RECORDS FOR THIS TASK:
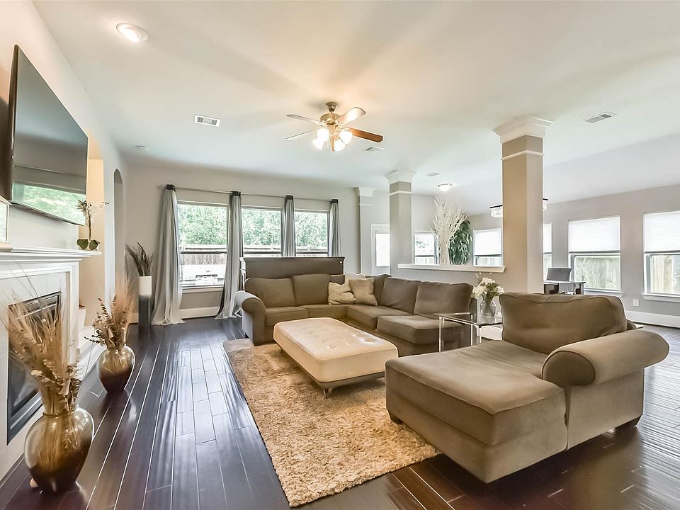 Welcome to this exquisite single-story, 4 bedroom/3 full bath residence in The Falls of Imperial Oaks. Floorplan Victor by David Weekly boasts separation between guest room, kids retreat/bedrooms and primary bedroom. Incredible privacy throughout while still all on the same floor. Main living spaces create an amazing open living feel. Backyard oasis with pool, outdoor kitchen and tanning platform. Multiple rooms could be used as flex space/bedroom/office space Expansive, open kitchen with large island and granite countertops. The three-car garage, with epoxy flooring, has two oversized bays being 26ft deep. This garage has ample space for cars and toys! Zoned to highly sought after Birnham Woods elementary, York Junior High and Grand Oaks Hgh School. Great neighborhood and neighbors. Walking distance to elementary school.
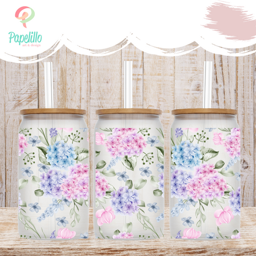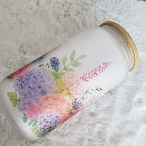 Floral Glass Coffee Cup, Hydrangea Garden Glass Iced Coffee Cup with Bamboo Lid and Straw, Gift for Friend, Iced Coffee, Coffee Aesthetic
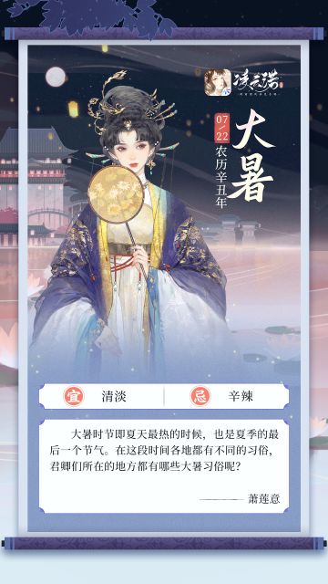 { "text": "赤日几时过,清风无处寻。\n还记得小暑时候的消暑秘籍吗?今天就是大暑啦,大暑时节阳光猛烈,是一年中日照最多、最炎热的节气,宝贝儿们记得做好防护哦~", "raw_text": "" }
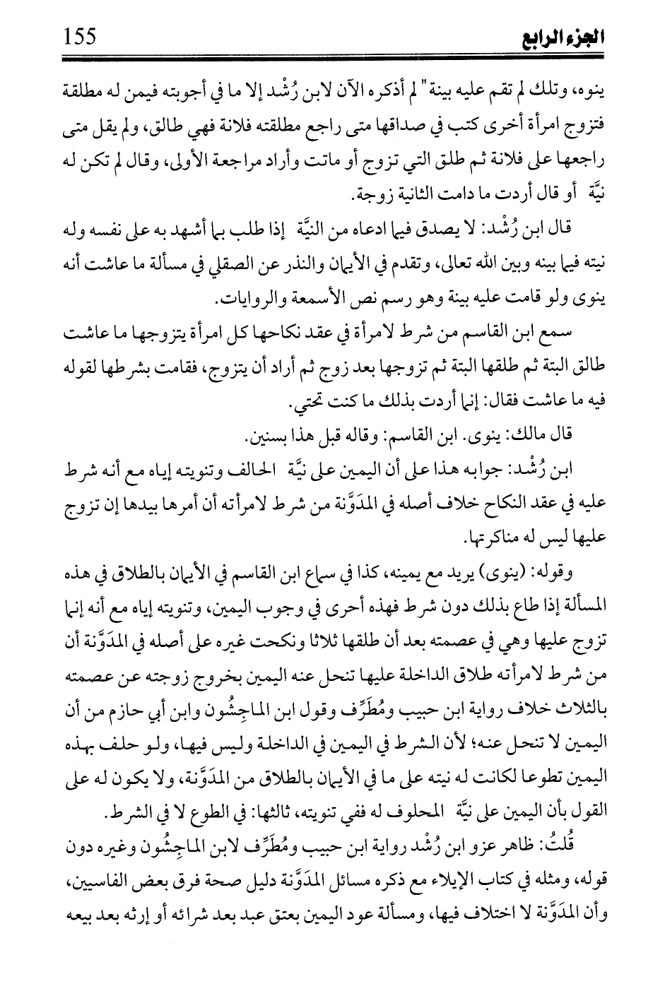 ابن رُشْد: جوابه هذا على أن اليمين على نيَّة الحالف وتنويته إياه مع أنه شرط عليه في عقد النكاح خلاف أصله في المدونَّة من شرط لامرأته أن أمرها بيدها إن تزوج عليها ليس له مناكرتها.
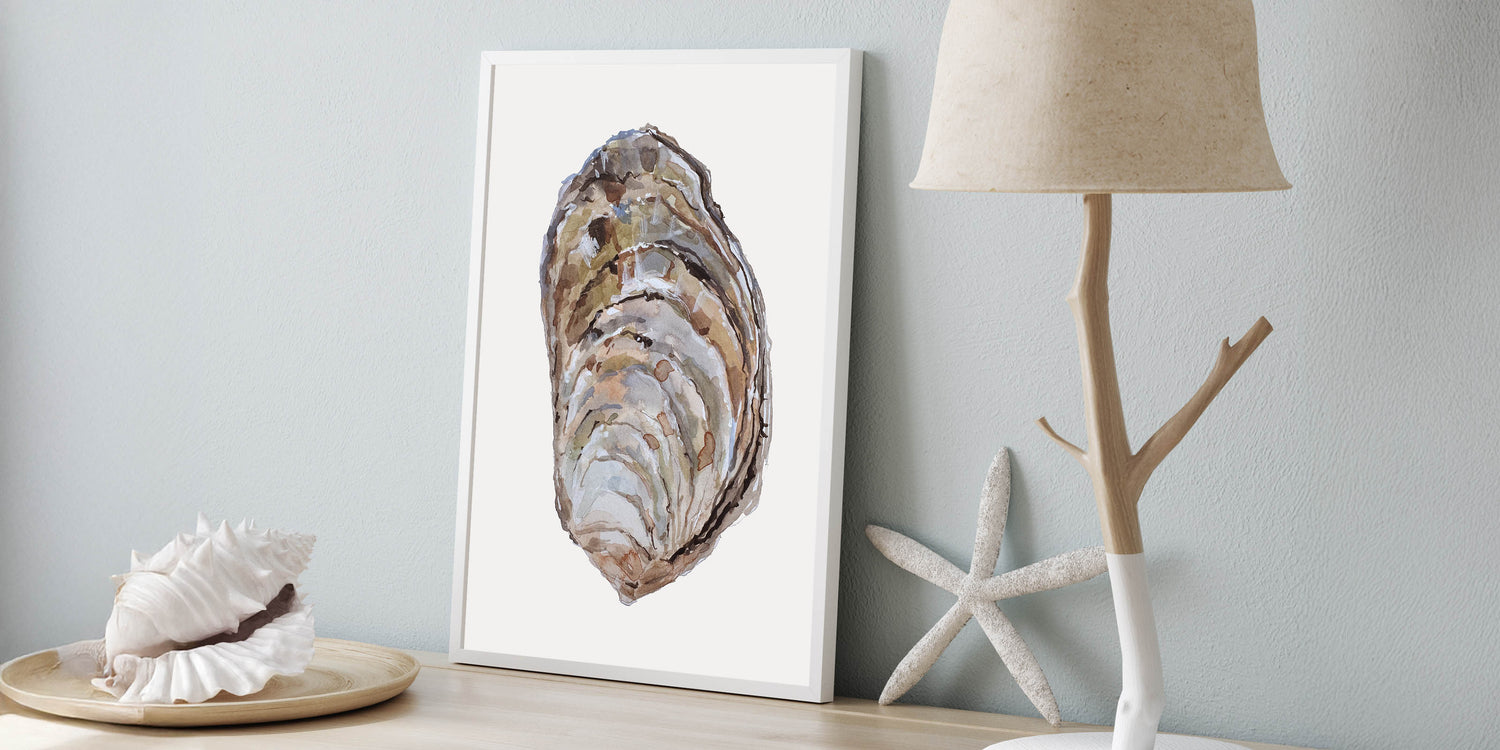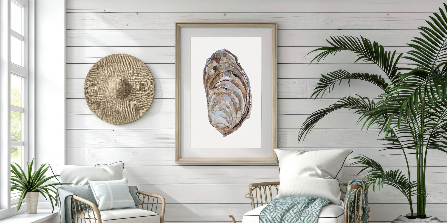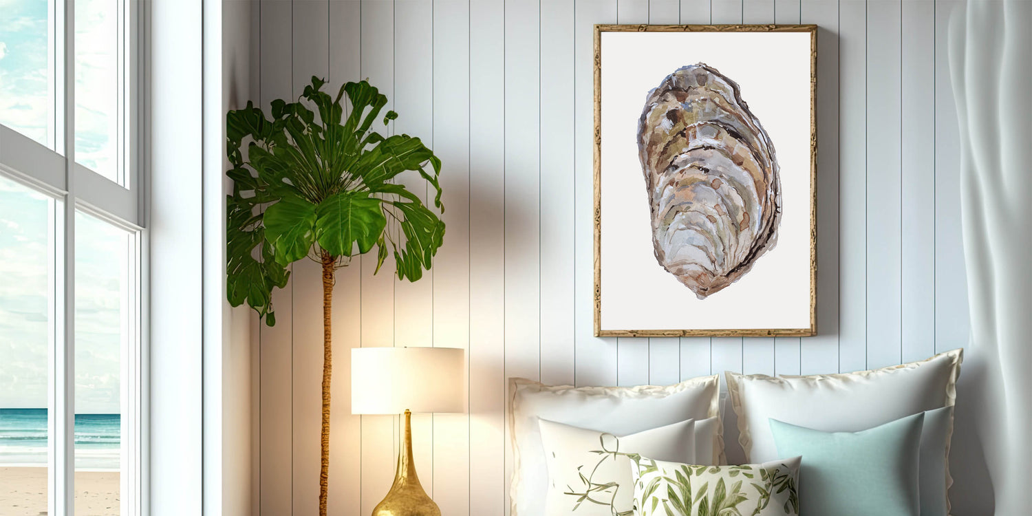 Coastal Wall Art - Nautical Oyster Shell Design for Seaside Living Decor
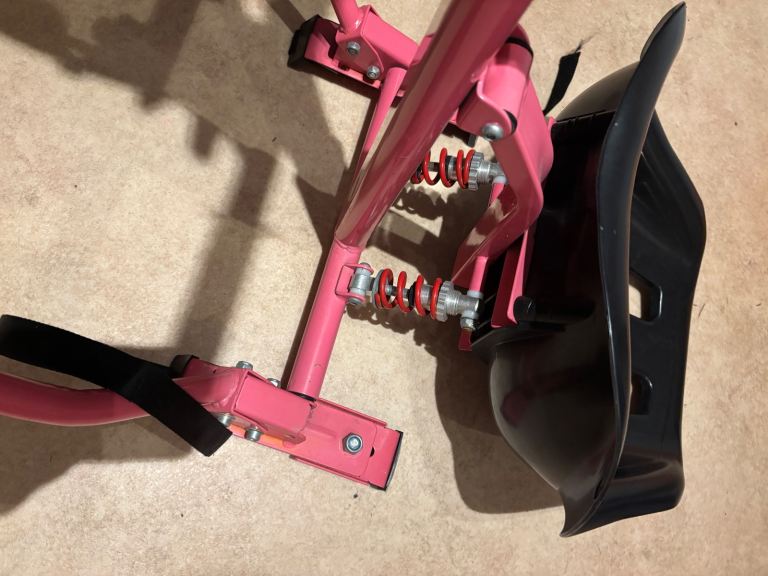 Cart has one slightly bent footrest. The front wheel has a pneumatic tyre for extra comfort.
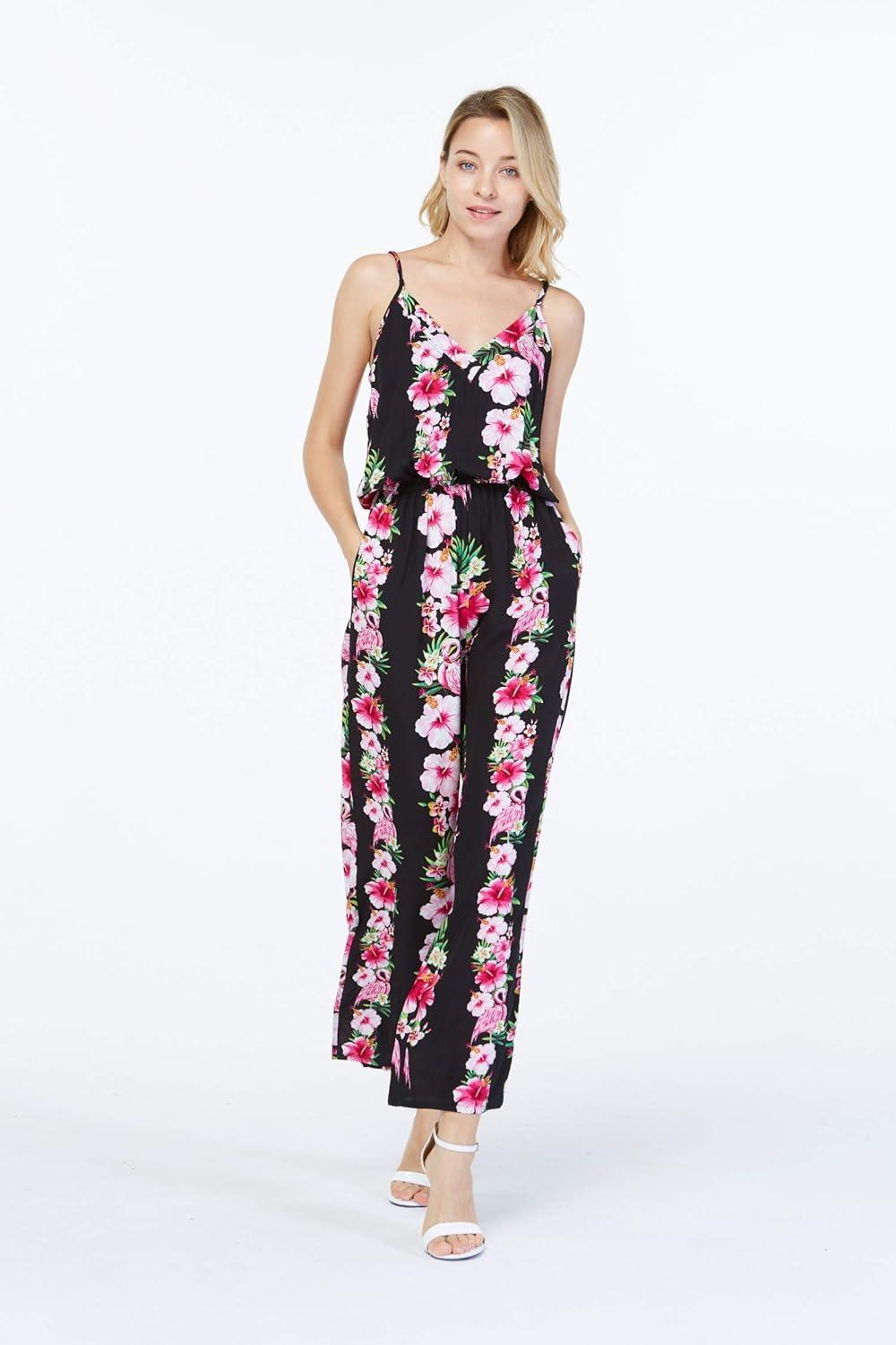 Be the first to review “Women’s Hawaiian Strap V with Pockets Jumpsuit in Pink Hibiscus Vine(Pink Black Hibiscus Vine)”

EXERCISE PROMPT: All of the material is to be reproduced verbatim, pictures excluded.

SOLUTION TO THIS TASK:
 Welcome to this exquisite single-story, 4 bedroom/3 full bath residence in The Falls of Imperial Oaks. Floorplan Victor by David Weekly boasts separation between guest room, kids retreat/bedrooms and primary bedroom. Incredible privacy throughout while still all on the same floor. Main living spaces create an amazing open living feel. Backyard oasis with pool, outdoor kitchen and tanning platform. Multiple rooms could be used as flex space/bedroom/office space Expansive, open kitchen with large island and granite countertops. The three-car garage, with epoxy flooring, has two oversized bays being 26ft deep. This garage has ample space for cars and toys! Zoned to highly sought after Birnham Woods elementary, York Junior High and Grand Oaks Hgh School. Great neighborhood and neighbors. Walking distance to elementary school.
 Floral Glass Coffee Cup, Hydrangea Garden Glass Iced Coffee Cup with Bamboo Lid and Straw, Gift for Friend, Iced Coffee, Coffee Aesthetic
 { "text": "赤日几时过,清风无处寻。\n还记得小暑时候的消暑秘籍吗?今天就是大暑啦,大暑时节阳光猛烈,是一年中日照最多、最炎热的节气,宝贝儿们记得做好防护哦~", "raw_text": "" }
 ابن رُشْد: جوابه هذا على أن اليمين على نيَّة الحالف وتنويته إياه مع أنه شرط عليه في عقد النكاح خلاف أصله في المدونَّة من شرط لامرأته أن أمرها بيدها إن تزوج عليها ليس له مناكرتها.
 Coastal Wall Art - Nautical Oyster Shell Design for Seaside Living Decor
 Cart has one slightly bent footrest. The front wheel has a pneumatic tyre for extra comfort.
 Be the first to review “Women’s Hawaiian Strap V with Pockets Jumpsuit in Pink Hibiscus Vine(Pink Black Hibiscus Vine)”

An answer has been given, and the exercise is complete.